Mike Gencarelli: What is your process for writing a story, do you have film adaption if you mind when do it?
Jack Ketchum: No, I just write the story. But movies have influenced me greatly over the years, so I think my stories often have a cinematic feel to them.

MG: Some of the content in your novels are pretty intense, are you weary of how they can translate into film?
JK: Well, the movies which have been made based on my books have pretty much kept most of the intensity. So I don’t see why that shouldn’t continue.
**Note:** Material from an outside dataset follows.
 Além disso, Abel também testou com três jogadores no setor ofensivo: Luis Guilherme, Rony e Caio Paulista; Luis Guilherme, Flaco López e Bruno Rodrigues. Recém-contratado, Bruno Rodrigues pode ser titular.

MG: How has it been working with Lucky McKee on “The Woman” and “Red”?
JK: Lucky’s great to work with. I’d only collaborated on a handful of short stories before with Edward Lee and P.D. Cacek, so I was a little leery going into writing “The Woman” with him, a much longer project, and I think he’d never worked with a novelist before so he probably was too. But we’d been completely in agreement as to how RED should work, so we were optimistic. And even though I’m old enough to be his father, we might have been exact contemporaries — that’s how much we thought alike.
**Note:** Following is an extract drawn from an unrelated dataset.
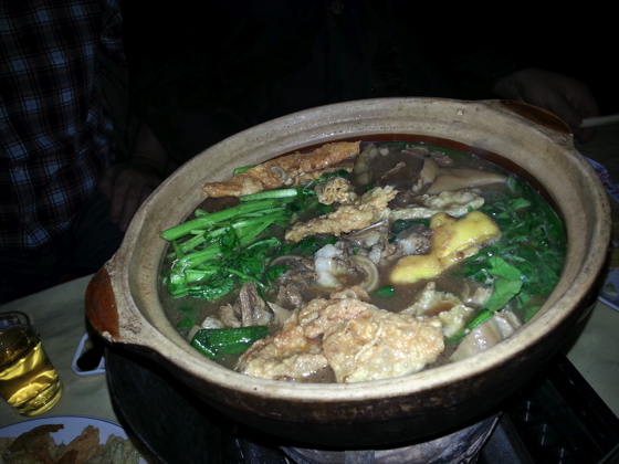 Ce soir là, c’était de l’agneau au menu ( peut-être du mouton d’ailleurs ). Les pots de terre arrivent sur la table déjà remplis de bouillon où frémit l’agneau. Les morceaux de viande mijotent déjà depuis quelques heures. Quand on dit morceaux d’agneau il faut comprendre qu’il y a toutes les parties de l’agneau, viande bien sûr, mais aussi couenne, abats…. rien ne se jette, la surprise est aux bout des baguettes !

MG: How do you feel that the adaption for “The Woman” has turned out?
JK: I love it. I’m proud of it. I was on-set for most of the shoot and saw how well it was going so I’m not surprised. We knew we had something special all along.

MG: How would you put the film adaptions, “The Lost”, “Red”, “The Girl Next Door”, “Offspring” & “The Woman”, ranking from most liked to least?
JK: Sorry, I’m not going to do that. It’s like picking your favorite kid. All I can say is that in each case the filmmakers have tried their best to stay faithful to the source material, and for that I’m quite grateful.

MG: How much input have you had with the film adaptions of your novels?
JK: Some more than others, but everybody’s asked me for some, particularly in the scripting stage. As I said, I was there for most of the filming of “The Woman” and that was cool, because if something wasn’t going right Lucky and I could fix it right then and there together. I was also on the set of “The Girl Next Door” a lot, because it was shooting quite near me, in New York and New Jersey. On “The Lost”, I saw three drafts of the screenplay and commented on them. I even worked with some of the actors, discussed their parts. Chris Sivertson, the director, was very open to that. In fact he even bought copies of the book for all the cast and crew to read! Unheard of!

MG: You have appeared as a cameo or role in most of the film, are you trying to follow Stephen King with his films?
JK: Alfred Hitchcock.

MG: How do you film you work has changed or evolved since your first novel?
JK: I think my characters are much richer. “Off Season” mostly sketched in the characters, which was necessary because I wanted the shit to hit the fan early on. But you take “Red” or “The Woman”, and there’s a much more gradual build. I think my writing’s grown more assured too.

MG: Do you have novel you have always wanted to get made into a film?
JK: I’d love to see “Ladies Night” filmed. I think it’s a natural. Stuart Gordon had an option on it for quite a while, wrote a damn good script which contained elements of a script I’d written long before. But the option’s lapsed, alas.

MG: What is your next novel that you are working on?
JK: Right now, no novel. A screenplay. But I’m not going to tell you what it’s about. If I talk about a story I generally won’t write it. I wind up talking it to death.